When other people remain strangers, or even worse are presented to us as less than ourselves, it is very easy to treat them badly, to take away their rights and their dignity and even more fundamental entitlements. The road to the Nazi gas chambers of World War II was carefully paved over the preceding decades with orchestrated conditioning of anti-Semitic sentiment that was easily extended to include other groups in society who were alien or other to the Aryan ideal.

When we fear the stranger, we can do terrible things to them. But when we get to know the stranger, we nearly always embrace them.
That is why a fundamental error of judgment is being made at the present time in this country with how an aspect of the direct provision system that applies to asylum seekers is being handled.

We should be concentrating on making profound changes to this system to make it more efficient, more humane and more responsive to the complex needs of its users. Or, even better, dismantling the system entirely.

Instead we are creating very unfortunate situations such as the one that occurred recently in Oughterard, Co Galway, when many good and decent local people were branded with the racist brush when they organised to express concerns about the prospect of a local hotel being used to house what was rumoured to be a large number of asylum seekers. We could soon have a similar situation in the south of our own county if straws currently in the wind have substance.

Such situations come about because of the approach taken by officialdom to the admittedly touchy subject of where people who come to seek asylum in this country should be accommodated. It is an approach polluted by “fear of the stranger” attitudes itself: a rather clumsily constructed cloak of secrecy is thrown over locations that might (or indeed might not) ultimately be chosen to serve as direct provision locations, rumours get out, people do not have the right information, fears and concerns arise and opportunist voices for intolerance see the chance to stoke the flickering flames into something which could soon gather furnace heat.

The fundamental distrust of the public that this approach is eloquent of is bad enough.
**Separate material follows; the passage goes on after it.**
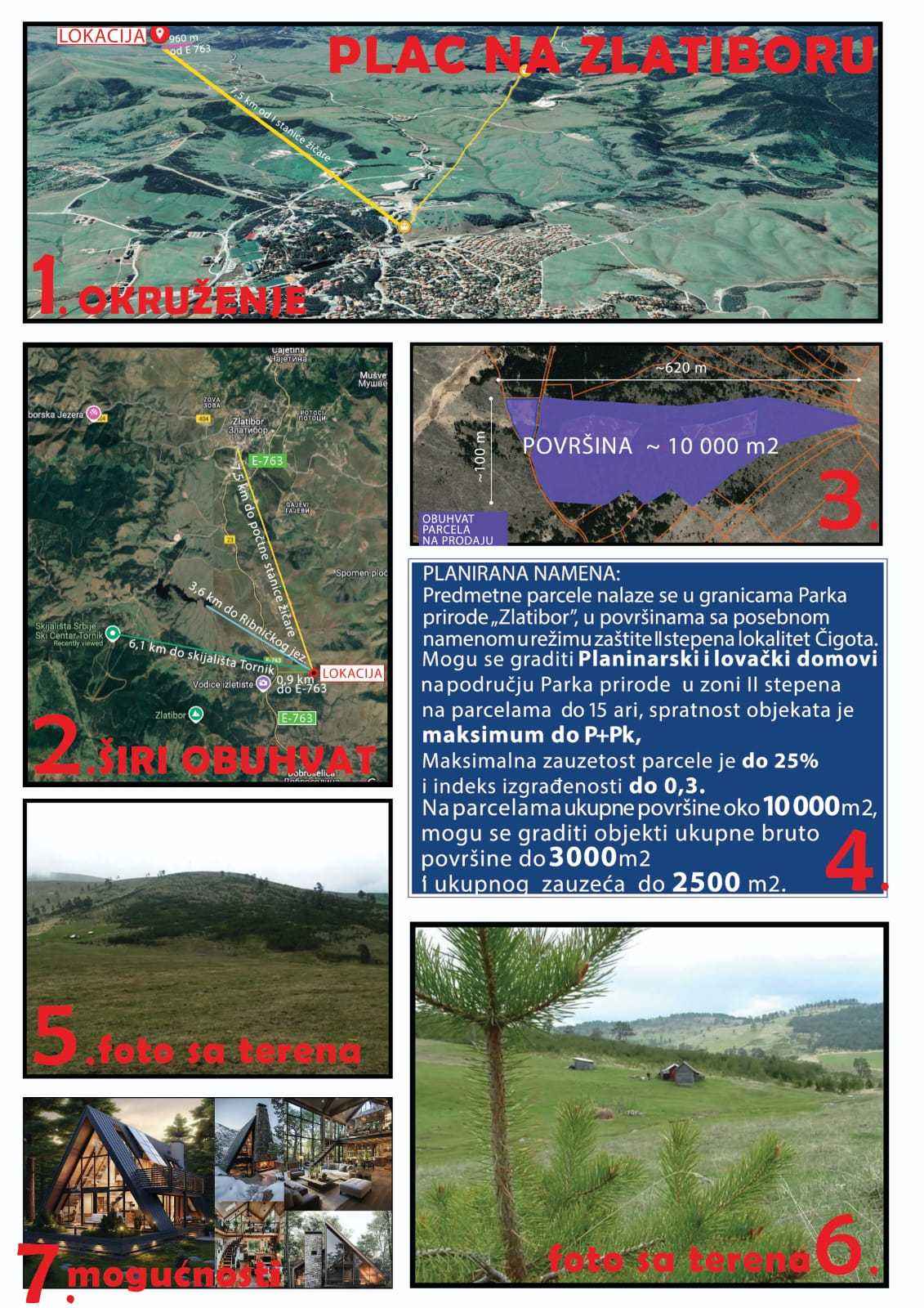 Ova velika parcela na Zlatiboru, u području Ljubiša i Čigote, predstavlja izuzetnu priliku za investitore. Zemljište se nalazi u parku prirode 2. i 3. kategorije, gde je, u skladu sa Generalnim planom, dozvoljena gradnja planinarsko-šumskih kompleksa i kućica od prirodnih materijala poput drveta i kamena. Za gradnju je neophodna izrada urbanističkog projekta uz saglasnost Uprave za zaštitu prirode.
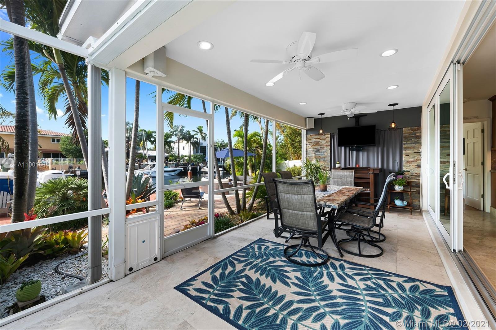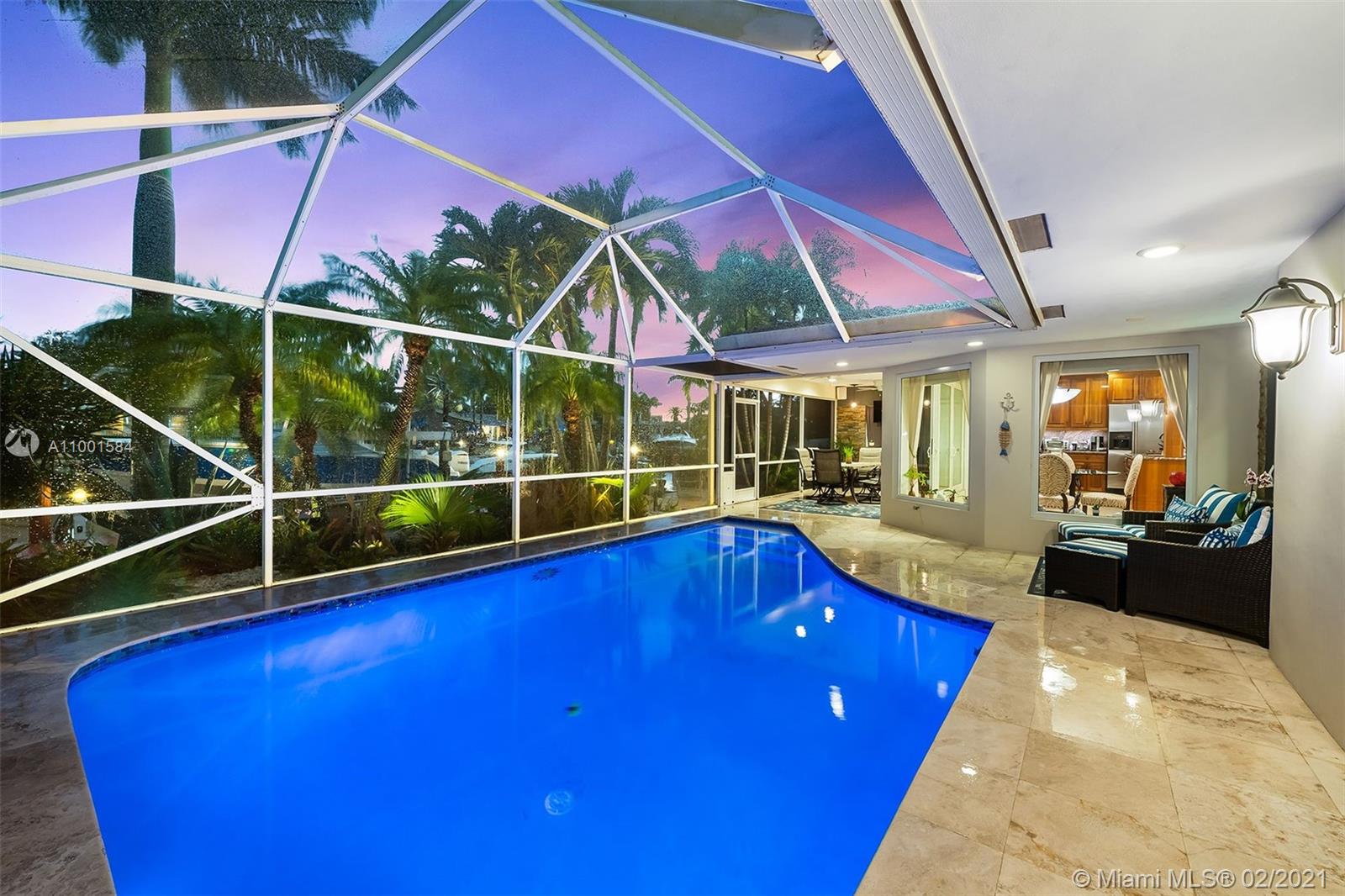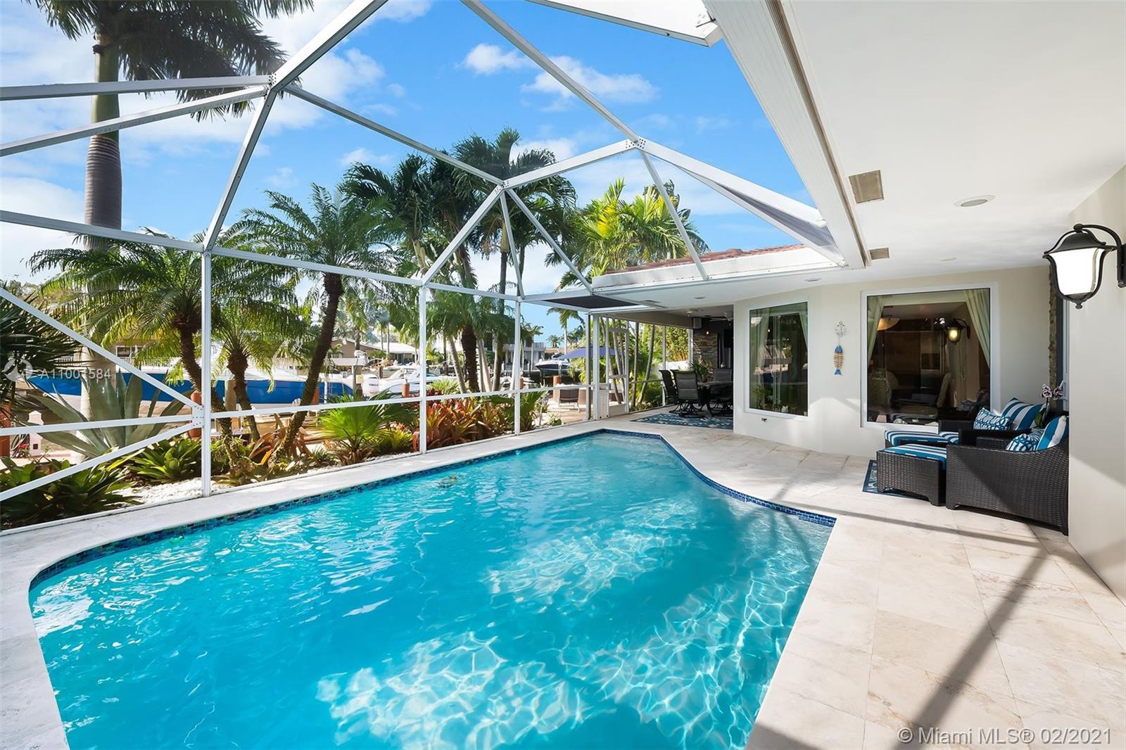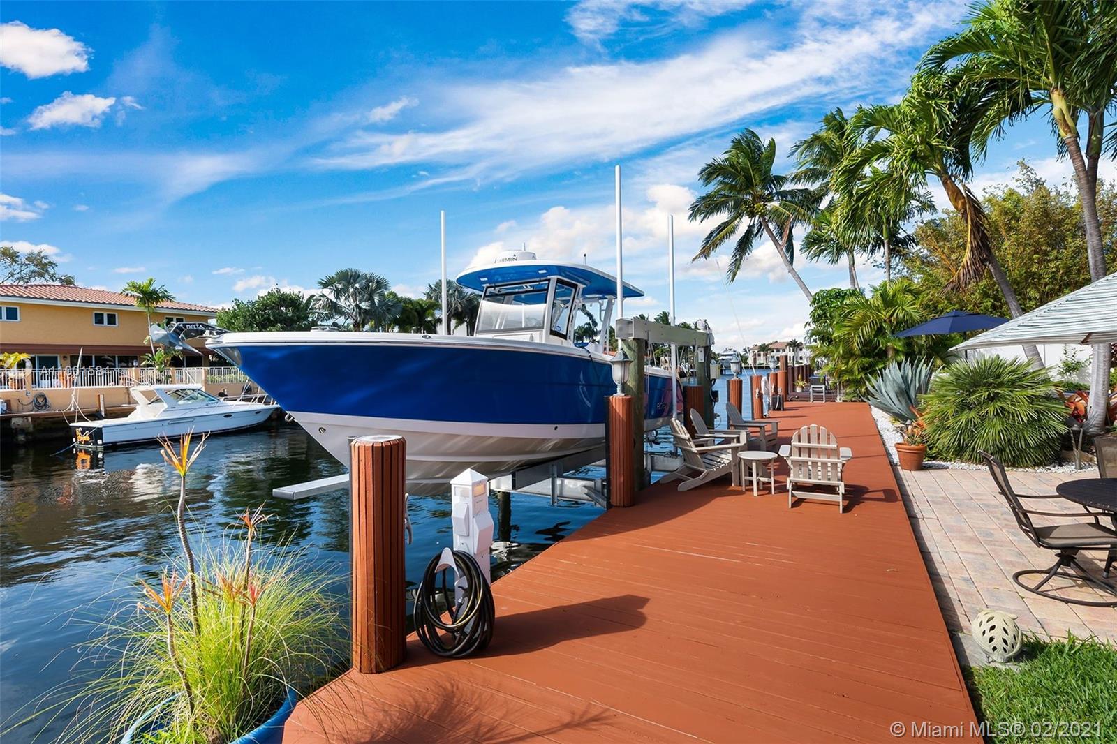 Gorgeous and remodeled waterfront home in Gated, upscale, Bermuda Riviera. 80 Feet of waterfront on a wide navigable canal with a new 20,000 lb boat lift and deep dock. Only 4 homes to the Intracoastal. 3 Bedrooms and 2 baths plus Office/Den. Spacious open floor plan with entertainers kitchen and Indoor/outdoor space. Granite countertops, custom cabinetry, and oversized cooking island. Light and bright with Impact windows and doors. New roof 2015. New A/C. New Impact Garage door. Beautiful screened in pool. Walking distance to shopping, restaurants, and Fort Lauderdale Beach. This home can be sold turnkey/furnished and won't last long!

But worse than that is the fact that through all such processes, and many others connected with the deeply flawed direct provision system, no one ever things it is important to bring together the people who need asylum and the people who are being asked to give it to them in their local communities.

The two tribes never get a chance to meet before such decisions are made. And they get very little chance to meet after the decisions are taken, either. How many of the 198 asylum seekers currently being housed in the St Patrick’s Accommodation Centre in Monaghan have ever met or been introduced to the people living in nearby Milltown, for example, or in the streets of Monaghan Town to which they are occasionally bused?

Let’s cut out all this lily-livered secrecy and corner-of-the-mouth talk that goes on when locations for direct provision centres are being chosen. Until we can get rid of direct provision for good, let’s start this process by bringing the asylum seekers and the people they will be living among together. Let them get to know each other and see what each can do for the other. All the fears and rumours would very quickly go away.

We would have far less controversy over immigration, and far less low conduct in high places, if we trusted the basic decency and altruism of local people, and the human capacity to overcome fears and prejudice through the simple act of embracing the stranger.